Please remember the opinions expressed on Patient Power are not necessarily the views of our sponsors, contributors, partners or Patient Power. Our discussions are not a substitute for seeking medical advice or care from your own doctor. That’s how you’ll get care that’s most appropriate for you.

Andrew Schorr:

When you go into the lab and all the people who work with you—does it feel like you’re going to war? 

Dr. Trikha:                 

It really is, and I think we try to remind ourselves that we are fighting and every day matters because it isn’t—we have to create a sense of urgency.

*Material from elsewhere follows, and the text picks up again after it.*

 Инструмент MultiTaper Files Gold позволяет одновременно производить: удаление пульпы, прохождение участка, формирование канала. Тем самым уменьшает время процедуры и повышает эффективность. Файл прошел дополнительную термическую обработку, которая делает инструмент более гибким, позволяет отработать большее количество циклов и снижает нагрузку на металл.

So, what I try to share with my team is “Put yourself”—we live in this world that is a regulated environment. We don’t get to see the patients. We’re not allowed. But, what we try to do is say, “Patient No. 101 is a 56-year-old female.” I say, “I’m 56, or 65. It’s a woman, probably a mother, probably a daughter, probably has friends, probably has a life.”

Andrew Schorr:         

Send in your pictures to AbbVie here and they’re going to stick them on the wall.

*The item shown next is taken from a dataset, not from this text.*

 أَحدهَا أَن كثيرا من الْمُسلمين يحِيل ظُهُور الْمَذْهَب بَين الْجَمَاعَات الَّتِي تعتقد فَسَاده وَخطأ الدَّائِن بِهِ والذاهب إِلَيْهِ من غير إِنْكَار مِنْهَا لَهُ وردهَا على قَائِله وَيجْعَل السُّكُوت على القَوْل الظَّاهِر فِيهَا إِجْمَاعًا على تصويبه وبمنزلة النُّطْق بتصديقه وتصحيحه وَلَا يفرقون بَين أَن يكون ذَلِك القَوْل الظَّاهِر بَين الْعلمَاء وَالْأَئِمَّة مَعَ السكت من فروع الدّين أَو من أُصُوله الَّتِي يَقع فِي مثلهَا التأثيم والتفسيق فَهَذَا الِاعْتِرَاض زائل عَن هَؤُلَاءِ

Dr. Trikha:                 

I think that’s how you have to motivate because so much of what we’re doing doesn’t work, and you just have to get up and say, “I’ve got to be right back at it.” 

Esther Schorr:            

It only takes one success to push it.

Dr. Trikha:                 

That’s why I call it short-term disappointment but long-term gratification, and that’s what gets us going and thinking about how we’re going to develop these cancer drugs.

Andrew Schorr:         

Thank you for all you do. So, are you encouraged—with all those failures, are you encouraged?

Dr. Trikha:                 

In all my years, I have never been more excited. There is a revolution going on. I think if you look at how our patients are living longer, compare that to just 10 years ago across the board. I am encouraged. Have we conquered cancer yet? Absolutely not. We are on that path and we have a lot more work to do, but we also should recognize that we’ve done some good work, and all of us collectively—the scientists, the clinicians, the patient advocates, the community, the family—if you put all of that together, you make a powerful fight. 

Andrew Schorr:         

And that’s what we’re getting. And also, as their drugs that they do in early development get to Mike and the clinics, and then Dr. Thompson says, “You know, there’s a trial we have here that we should discuss in the mix of what we have,” consider that.

When he tries to develop something and he tries to test it, we have to be their partner. Think about it. I’ve been in a trial. Have you been in any trials, Cindy?

Cynthia Chmielewski:

I have. I’ve been in a trial—it wasn’t for a new drug, but it was looking for the pharmacokinetics of a drug during my stem cell transplant…

Andrew Schorr:         

To get answers. 

Cynthia Chmielewski:

To get answers, yes.

Esther Schorr:            

The other thing I’ve been very—you asked me earlier what I’m encouraged by and what I’m hearing here, and you just asked that of our panel—is that the kind of dialogue we’re having right now—I’m hearing it across pharmaceutical, across practitioners, across patients. There’s a lot more dialogue going on than I remember just a few years ago.

Dr. Thompson:           

It’s very interesting because I met Cindy through social media, and now, we’ve published some things together.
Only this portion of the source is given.